Print exactly what appears from the line containing "This 3D scene" through the final line of the data below, pictures excluded.
··· Recorded data
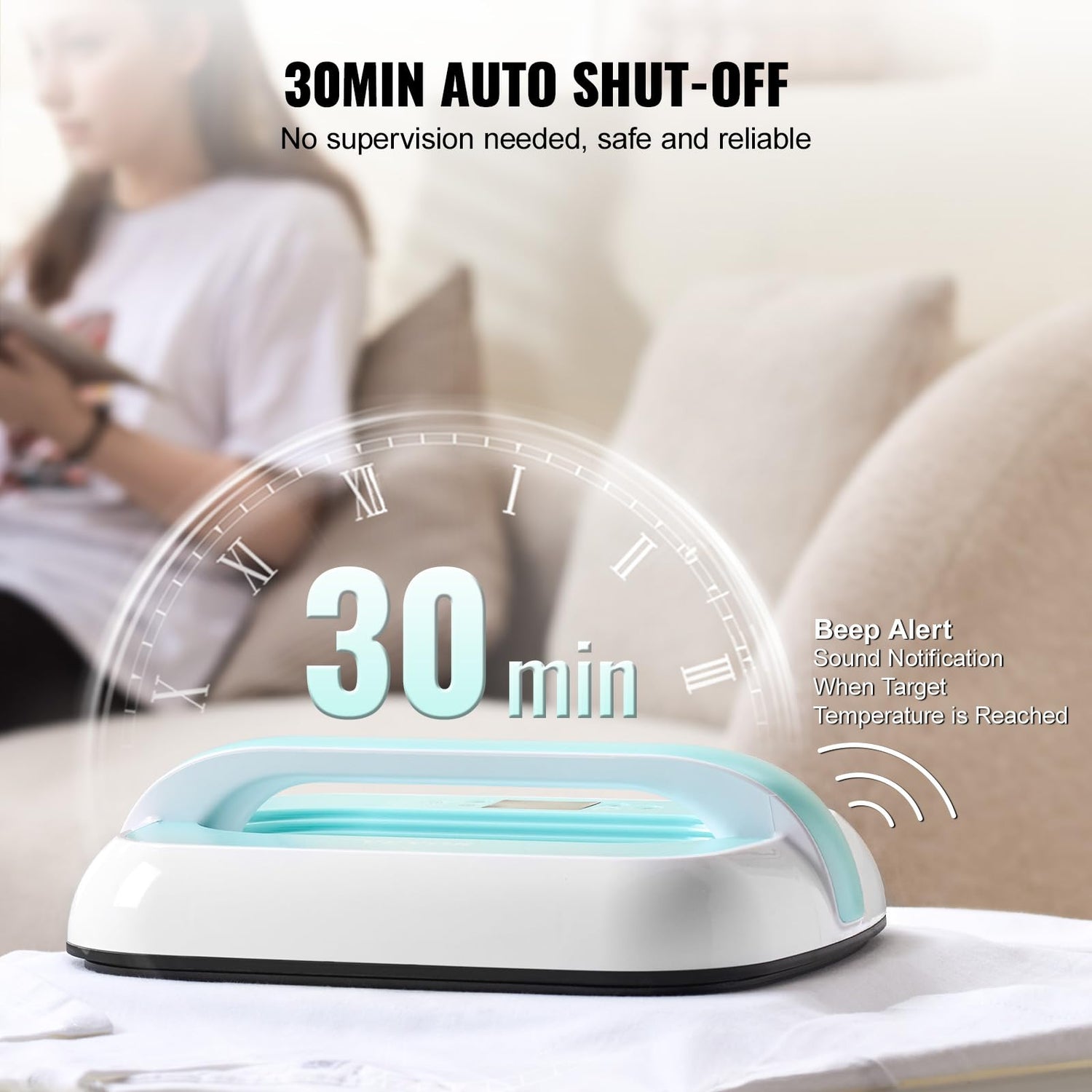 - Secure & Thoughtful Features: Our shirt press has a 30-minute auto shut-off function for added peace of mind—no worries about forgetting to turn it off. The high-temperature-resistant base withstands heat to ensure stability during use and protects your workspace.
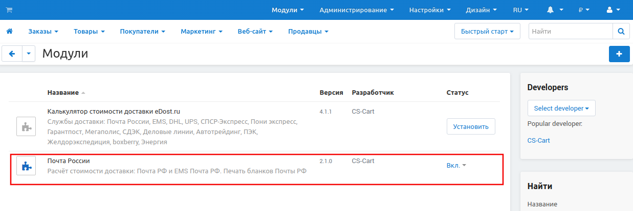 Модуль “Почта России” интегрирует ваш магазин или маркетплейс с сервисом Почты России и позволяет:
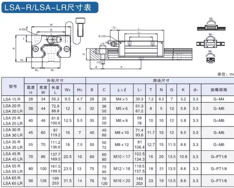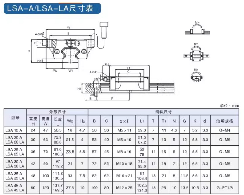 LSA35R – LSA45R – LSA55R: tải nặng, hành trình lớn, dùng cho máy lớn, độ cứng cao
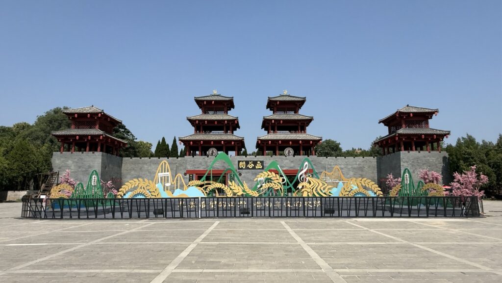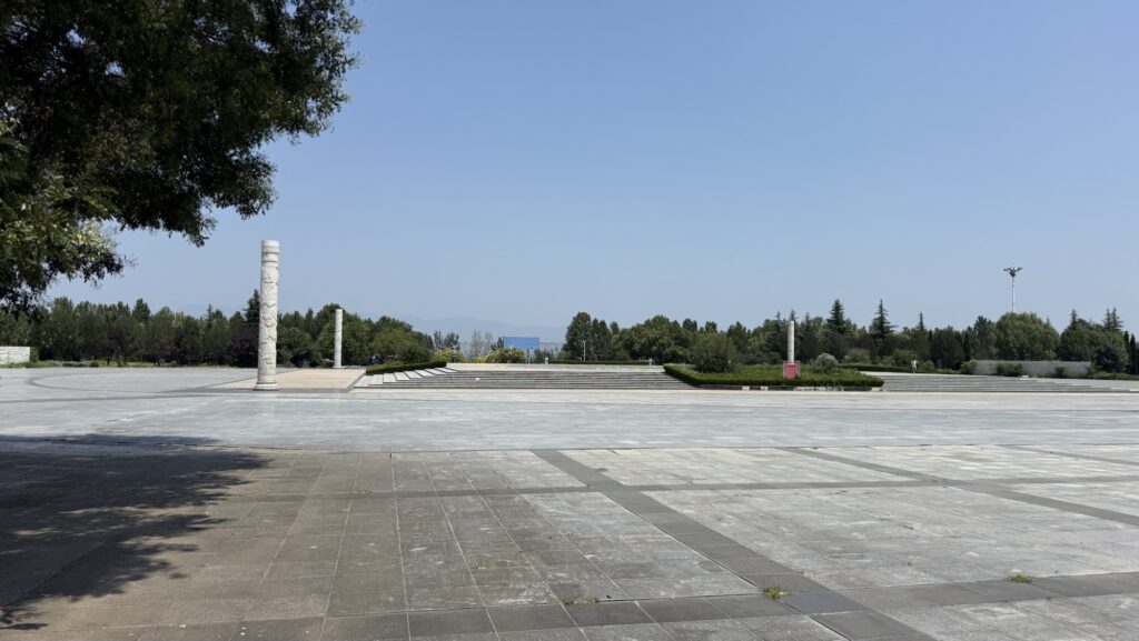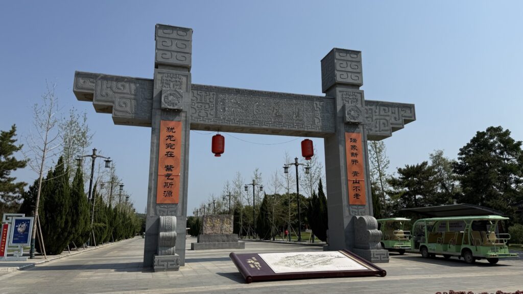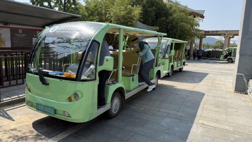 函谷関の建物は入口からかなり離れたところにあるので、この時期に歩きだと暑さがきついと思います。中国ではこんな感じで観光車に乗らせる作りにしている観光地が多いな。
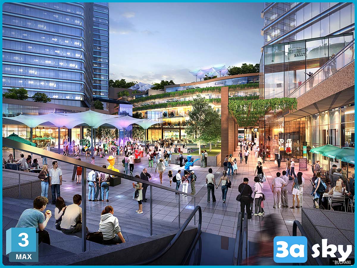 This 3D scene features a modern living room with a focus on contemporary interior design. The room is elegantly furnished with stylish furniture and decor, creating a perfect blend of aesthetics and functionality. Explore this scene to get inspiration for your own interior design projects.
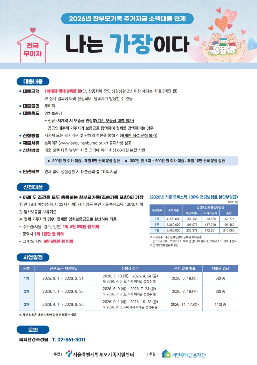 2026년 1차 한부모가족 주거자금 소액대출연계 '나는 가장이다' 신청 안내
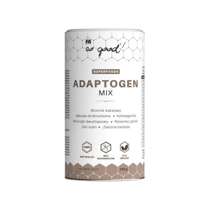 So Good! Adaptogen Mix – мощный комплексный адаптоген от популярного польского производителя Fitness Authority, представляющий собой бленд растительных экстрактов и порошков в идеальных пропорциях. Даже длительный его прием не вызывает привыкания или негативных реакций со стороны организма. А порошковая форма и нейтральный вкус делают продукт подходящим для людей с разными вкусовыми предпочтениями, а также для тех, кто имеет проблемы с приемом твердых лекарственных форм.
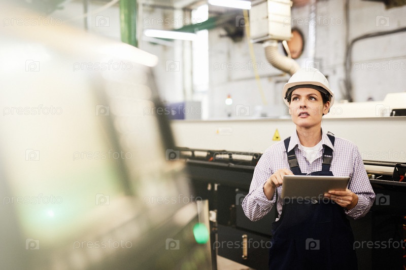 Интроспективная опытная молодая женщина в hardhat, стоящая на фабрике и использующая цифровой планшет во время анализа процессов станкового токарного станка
······
**Result below:**
 This 3D scene features a modern living room with a focus on contemporary interior design. The room is elegantly furnished with stylish furniture and decor, creating a perfect blend of aesthetics and functionality. Explore this scene to get inspiration for your own interior design projects.
 2026년 1차 한부모가족 주거자금 소액대출연계 '나는 가장이다' 신청 안내
 So Good! Adaptogen Mix – мощный комплексный адаптоген от популярного польского производителя Fitness Authority, представляющий собой бленд растительных экстрактов и порошков в идеальных пропорциях. Даже длительный его прием не вызывает привыкания или негативных реакций со стороны организма. А порошковая форма и нейтральный вкус делают продукт подходящим для людей с разными вкусовыми предпочтениями, а также для тех, кто имеет проблемы с приемом твердых лекарственных форм.
 Интроспективная опытная молодая женщина в hardhat, стоящая на фабрике и использующая цифровой планшет во время анализа процессов станкового токарного станка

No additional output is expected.